Compiling OpenSSH with OpenSSL-fips 0.9.8o on Windows

Peter Stuge peter at stuge.se
Sat Jul 24 00:42:00 EST 2010


Bryan wrote:
> Putty is not an option for us since it uses it's own OpenSSL libs
> and we need it FIPS enabled.

If PuTTY uses OpenSSL for encryption then you could of course build
PuTTY against your FIPS-enabled OpenSSL.


> I've been able to build OpenSSL 0.9.8o and enable the
> fipcanister.lib and create the openssl executables and libraries.
> I've been able to find instructions on how to build OpenSSH at this
> site:
> 
> http://www.nomachine.com/ar/view.php?ar_id=AR05H00563
> 
> and here:
> 
> http://www.cs.bham.ac.uk/~smp/projects/ssh-windows/compile/
> 
> But I can't tell if either method is the correct one for building
> using cygwin.

Note that Cygwin is a very different system from Windows. First
decided what it is that you want. Do you want a native binary, or a
Cygwin binary?

Note that the method at the former URL produces a native binary. The
latter URL seems rather uninformed with platform differences in
general and Windows platform details vs. UNIX platform details in
particular.


> When I looked through the Configure script for OpenSSH,
> I did not find anything "FIPS" related to be able to point my build
> to it.  Can I assume that just linking to my FIPS-enabled OpenSSL
> is enough to FIPS enable OpenSSH?

I don't know FIPS well enough to say for sure, but in any case
OpenSSH does not do any crypto operations internally, it relies on
OpenSSL for this. If that's good enough (how useless is that
requirement?) then yes.


> And if someone has a non-vendor or more current version of how to
> build OpenSSH online, could you provide a link?  I would greatly
> appreciate it.

You don't say too well what exactly you need.

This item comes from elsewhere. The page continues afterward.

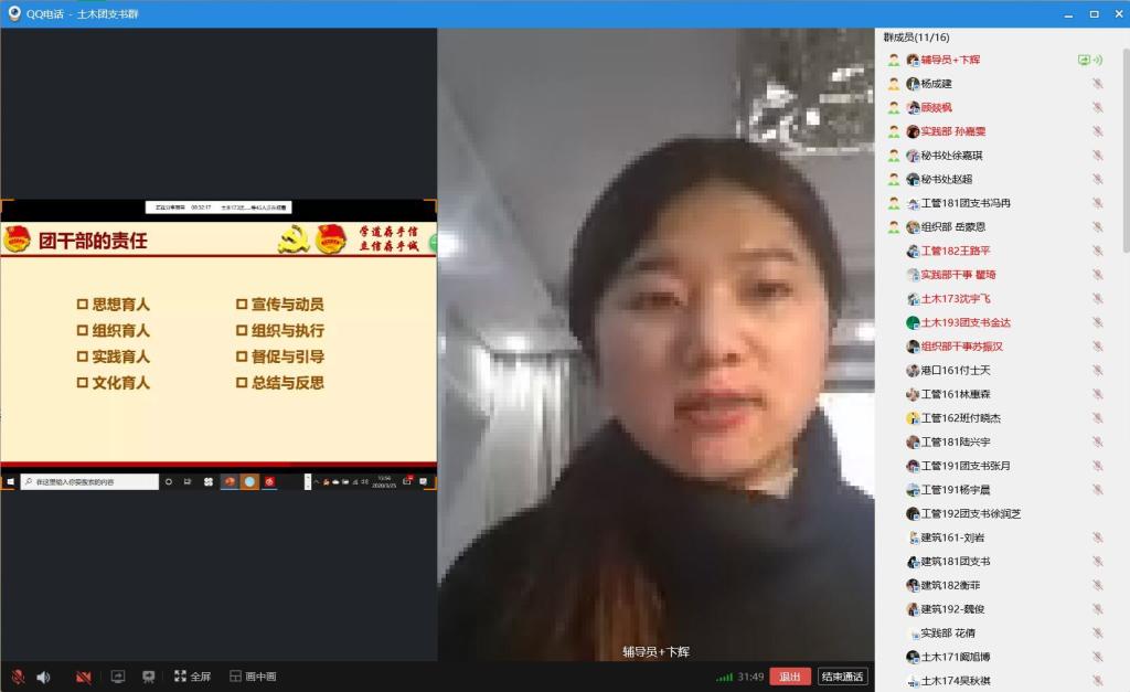 在卞辉老师的深情讲解下,建筑161团支书刘岩表示:作为一名团干部一定要正确把握自己的角色定位,对待工作应认真负责,否则会失去很多真正磨练自己的机会,也会与许多体现自己价值和能力的荣誉擦肩而过。工管172的团支书于林艳主动分享了自己高效工作的一点经验和体会:可以建一个舍长QQ或微信群,针对一些比较重要的工作或活动,可以充分调动和发挥班级宿舍长和班委的作用,并同时邀请班主任或者辅导员在群里做一定的监督和支持,这样可以一定程度上提高工作的速度和效率。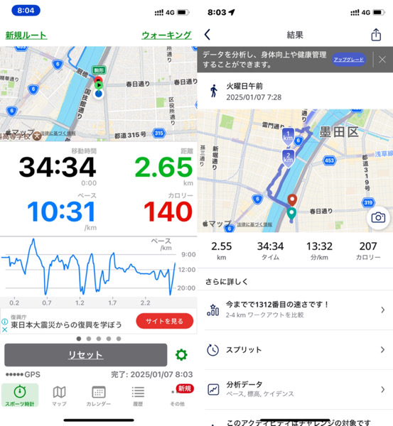体調管理と家族との朝の時間の関係でウォーキングを短縮バージョンにした為です。

Since you mention PuTTY it's safe to assume that you need an SSH
client for Windows. Since Windows has no built-in terminal emulation,
you will also need that. PuTTY provides this, as does Cygwin and
MinGW. You don't say if you already have a Cygwin environment and
thus would be comfortable using a Cygwin OpenSSH, or if you want a
native OpenSSH for Windows.

In short, please provide more information.